● **TO DO**:
The needed output is the run of lines below from the one containing "在游戏主界面中,点击驿馆建筑" through the one containing "备注:本配方保育料含进口鱼粉3%,小猪料含进口鱼粉1%", copied exactly and free of pictures.

● **PROVIDED DATA**:
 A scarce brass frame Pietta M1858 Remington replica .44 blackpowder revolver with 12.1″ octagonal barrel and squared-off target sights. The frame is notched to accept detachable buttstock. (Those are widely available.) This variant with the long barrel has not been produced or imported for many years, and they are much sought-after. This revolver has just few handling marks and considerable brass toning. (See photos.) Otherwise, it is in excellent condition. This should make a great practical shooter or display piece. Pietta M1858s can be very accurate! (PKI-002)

--

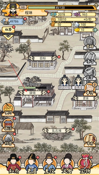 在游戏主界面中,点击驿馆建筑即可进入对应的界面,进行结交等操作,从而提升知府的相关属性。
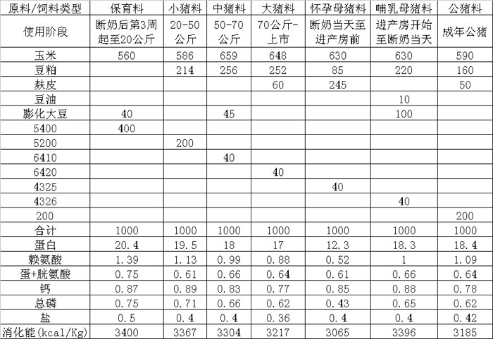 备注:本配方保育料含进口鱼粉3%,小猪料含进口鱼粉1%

● **RESULT**:
 在游戏主界面中,点击驿馆建筑即可进入对应的界面,进行结交等操作,从而提升知府的相关属性。
 备注:本配方保育料含进口鱼粉3%,小猪料含进口鱼粉1%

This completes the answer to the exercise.